Federal Court. Gleeson CJ and Gummow J held in Jia Legeng that an allegation of actual bias must be "distinctly made and clearly proved". Does the same principle apply to an allegation of apprehended bias? Is the IAA required to "give notice of its receipt of a reference of a fast track reviewable decision or state that it would review the decision within a certain period of time"? Is the IAA authorised to make a decision at any time after a decision has been referred to it?
The Immigration Assessment Authority (IAA) made a decision (First Authority), which was then quashed by the Federal Circuit Court (FCCA) on the basis that the IAA unreasonably failed to consider the exercise of the discretion to invite the second respondent to an interview pursuant to s 473DC(3) of the Migration Act 1958 (Cth).
The Federal Court (FCA) summarised the subsequent events as follows:
8 Following the remitter, the Authority, which, for convenience, I will refer to as the second Authority, wrote a letter to the respondents and their recently appointed representatives dated 25 July 2019 in which the second Authority said, inter alia:
On 19 June 2019 a court remitted your case back to us for reconsideration. We will now proceed to reconsider your case.
It is important that you:
• act quickly in your dealings with us, as a decision may be made at any time.
(Emphasis in original.)
The second Authority’s letter did not contain an invitation to the respondents to provide further information or to make submissions.
9 On 12 August 2019, the second Authority made its decision to affirm the refusal of the respondents’ application for protection visas.
The respondents then successfully applied to the FCCA for the judicial review of the Second Authority's decision. The FCCA held that the following factors bore on an apprehension of bias on the part of the Second Authority:
(1) the speed with which the second Authority proceeded with the second review following the remittal from the Federal Circuit Court;
(2) the opaque notification provided to the respondents by the second Authority following remittal, which said very little apart from notifying the respondents that they were in the second review engaged “in a race against time”, the parameters of which were not revealed; and
(3) the absence of anything communicated from the second Authority to the respondents that they would have an opportunity to put anything to the second Authority bearing upon the reason for the remittal.
The Minister eventually appealed to the FCA from the second FCCA decision above.
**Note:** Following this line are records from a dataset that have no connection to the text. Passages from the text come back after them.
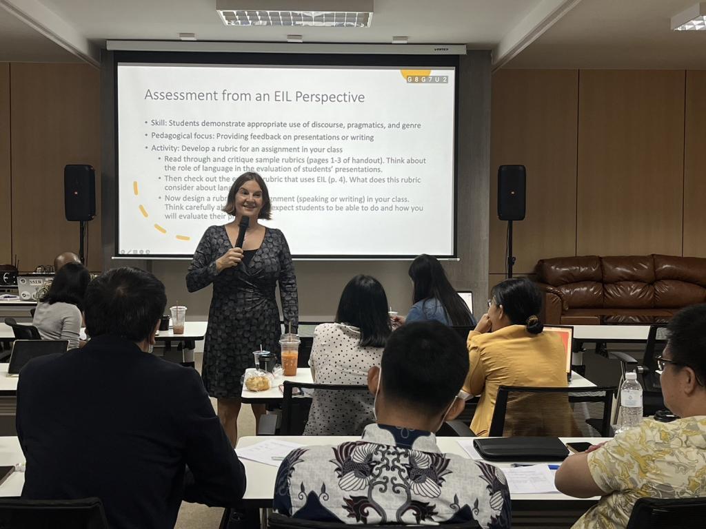 On June 29, 2024, the Office of International Relations at Ubon Ratchathani University (UBU) organized a training session at the Office of the President to enhance the English skills of academic staff. The training, titled "English as an International Language (Series II)," was conducted by Associate Professor Dr. Betsy Gilliland from the Department of Second Language Studies at the University of Hawaii at Manoa, USA.
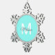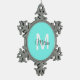 moder chic minimalist monogram turquoise aqua blue snowflake pewter christmas ornament
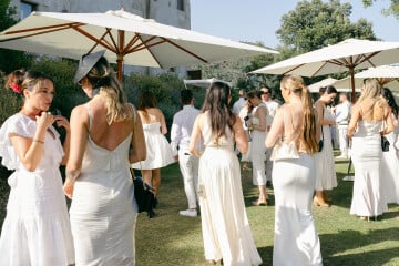 Rob: Fabric is powerful. The deep Catalan red was both a nod to our host country and a way to heighten the cinematic tone of the event. The velvet was draped across two long banquet tables and even the DJ booth, seamlessly tying the space together. When guests entered the monastery, they were met with an unexpectedly lavish tablescape. Each silver plate was set with a custom red leather luggage tag embossed with the guest’s initials and a personal photo inside. Tall silver candelabras, crystal glassware, and burgundy fruits completed the look.
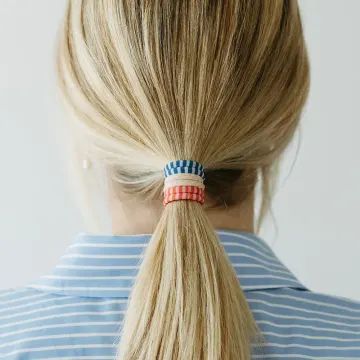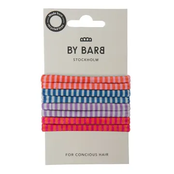 ByBarb Hårsnoddar multifärgad randig är ett set med randiga hårsnoddar. Designade med ränder i fyra olika färgkombinationer. Hårsnoddarna är lika snygga på handleden som i håret. Passar de flesta hårtyper. Snoddarna är tillverkade i Italien av återvunnen polyamid från återvunna däck (Blufibre). 8-pack.
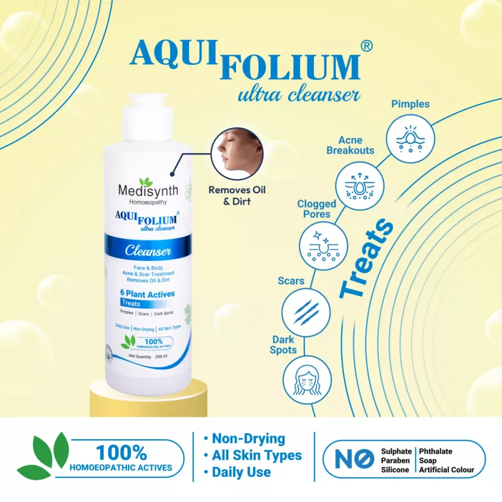 Medisynth Aquifolium Ultra Cleanser is a gentle face cleanser that cleans the skin deeply while keeping it soft. It has homeopathic ingredients like Berberis Aquifolium that help remove extra oil, dirt, and impurities from the pores, leaving your skin fresh, clean, and clearer.
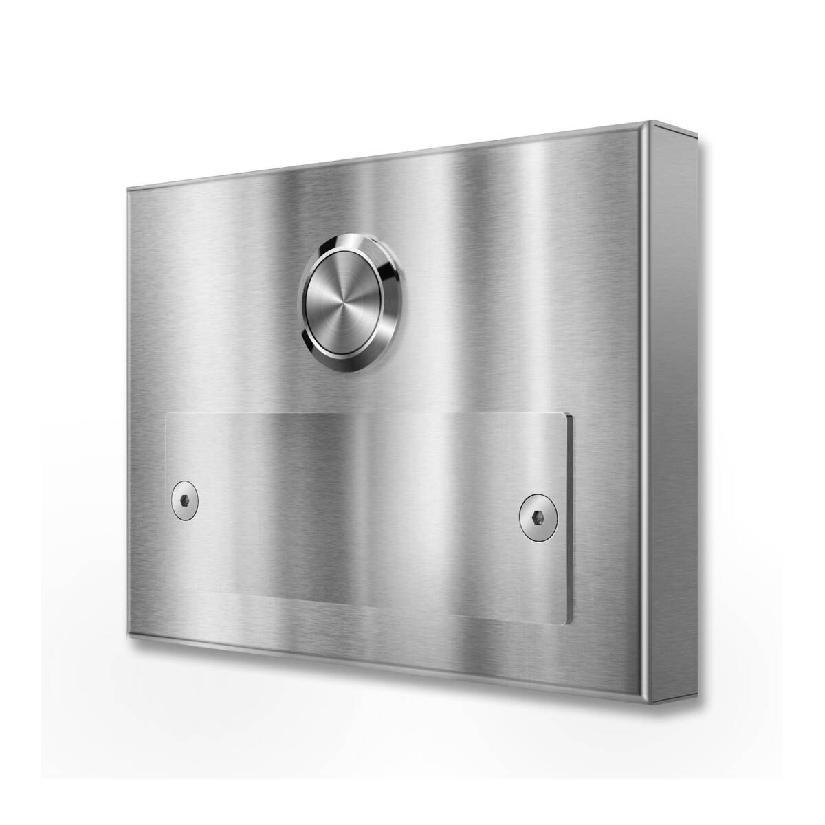 Le corps massif est fabriqué d’acier inoxydable V2A avec surface aiguisée, rendant votre sonnette parfaitement protégée contre le vent et la pluie pour des années.
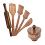 Wooden Handicrafts 1 Bowl, 4 Cooking Spoon, 1 Rolling Pin, Pack Of 6
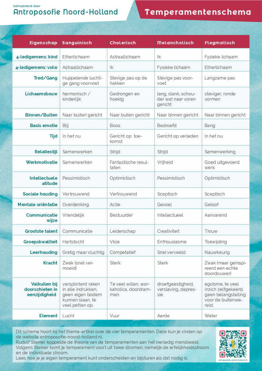 Onderaan het artikel vind je een schema met nog meer kenmerken van de temperamenten, zodat je ze makkelijker met elkaar kunt vergelijken.
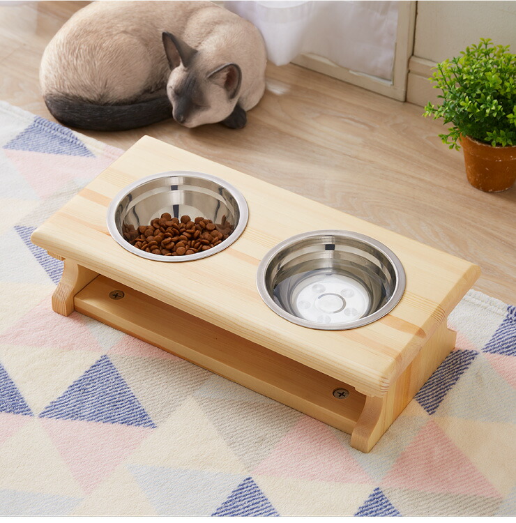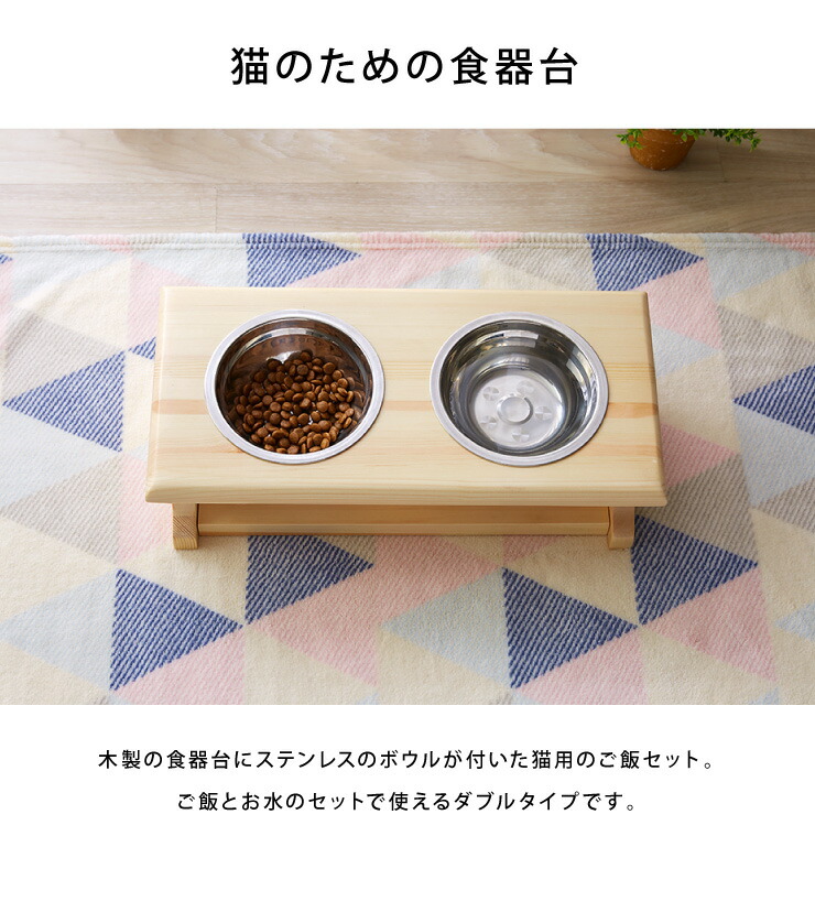 猫用 食器スタンド 木製 ボウル付き 選べるサイズ S M ペット用 猫 ねこ 食器台 餌台 餌入れ 餌皿 フードボウル 天然木 おしゃれ
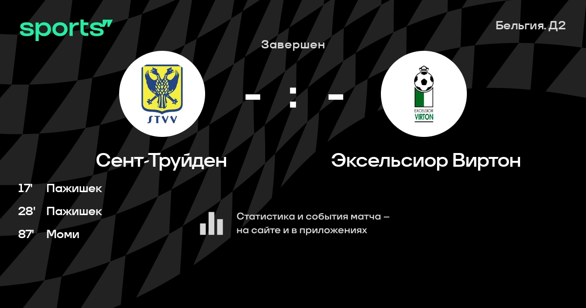 | 1 | Сент-Труйден | 34 | 24 | 7 | 3 | 62 | 28 | +34 | 79 | ||
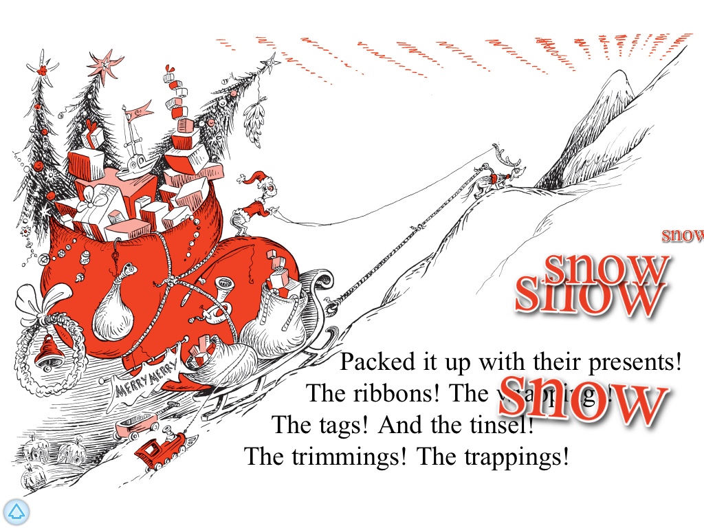 The Grinch Who Stole Christmas continues the Dr Seuss domination of the Children's book app market. Their success is well deserved, presenting pretty much everything you'd want from a picture book app.
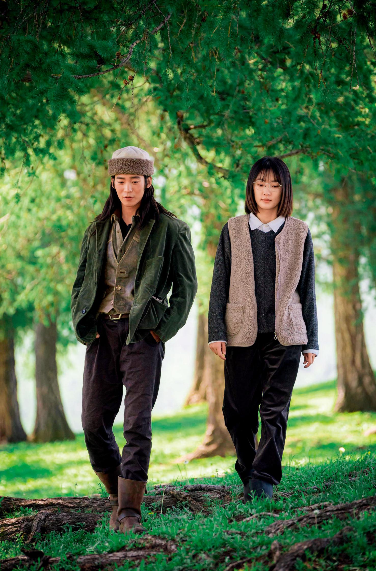 《封神》为于适的表演推开一扇门,《我的阿勒泰》则领他来到旷野。前者是基本功的稳扎稳打,后者更像是自由创作的实践。新疆的草原没有复杂的灯光轨道,没有精确的走位标记,只有牧人、牛羊,和不断被拉长的时间。自由的环境下,表演也就有了更多可能性。他记得《我的阿勒泰》里有场戏,巴太骑马而来,发现文秀在草原上睡着了。剧本上写:“巴太恶作剧般地把文秀的鞋带系在了一起,致使她后来摔了一跤。”真正拍摄时,于适看到草地上开满黄色小野花,就摘下了一朵,别在了文秀的眼镜上。
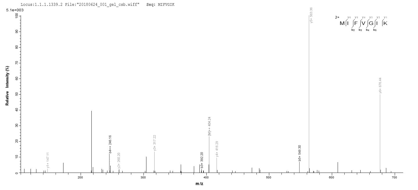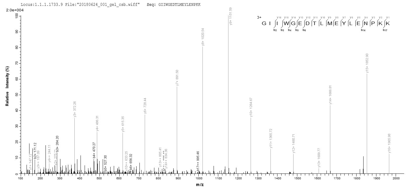 Based on the SEQUEST from database of E.coli host and target protein, the LC-MS/MS Analysis result of CSB-EP006328HU could indicate that this peptide derived from E.coli-expressed Homo sapiens (Human) CYCS.

Some of the questions to the FCA were as follows:
Question 1: Gleeson CJ and Gummow J held in Jia Legeng in the context of an allegation of actual bias that an allegation of bias must be "distinctly made and clearly proved". Must an allegation of apprehended bias be distinctly made?
Question 2: Can it be said that, the more serious the allegation of apprehended bias, the more the allegation must be "clearly proved"? In other words, can it be said that the attribution of the "necessary apprehension to the fair-minded and properly informed observer may well be influenced by the nature and seriousness of the conduct and the inferences to be drawn from it that it is said might give rise to the necessary apprehension"?
Question 3: Is the IAA required to "give notice of its receipt of a reference of a fast track reviewable decision or state that it would review the decision within a certain period of time"?
Question 4: Is the IAA authorised to make a decision at any time after a decision has been referred to it?
Question 5: The notice given by the IAA following remitter from the FCCA advised the respondents to "act quickly in your dealings with us, as a decision may be made at any time" and that they were engaged "in a race against time". Is any deficiency in the notice sufficient in itself to lead to a conclusion of apprehended bias?
Question 6: Was the Second Authority, by reason of the FCCA's finding that the First Authority's decision was vitiated with jurisdictional error on the basis of an unreasonable failure to consider the exercise of the discretion to invite the second respondent to interview pursuant to s 473DC(3), bound to extend such an invitation?
Question 7: Do the 3 matters identified by the second FCCA individually or cumulatively lead to a conclusion of apprehended bias?
Question 8: The "second Authority considered the second respondent’s “information” was likely to be of limited probative value in establishing that the first respondent was involved in the LTTE in the key manner he claimed given two matters, being the following: (1) the second respondent was not the one involved in the LTTE; and (2) the secretive nature of such claimed employment". Was there "a flaw in the second Authority’s reasoning that led it to conclude that the second respondent’s “information” was likely to be of limited probative value"?
Question 9: The Second Authority treated a DFAT report produced after the remitter from the FCCA as "a highly authoritative source" of country information and gave it "substantial and greatest weight" and "greatest weight". Did the Second Authority come to the review "with a preconception that material produced by the Commonwealth is practically determinative or permits such permit to intrude upon the proper evaluation of material"?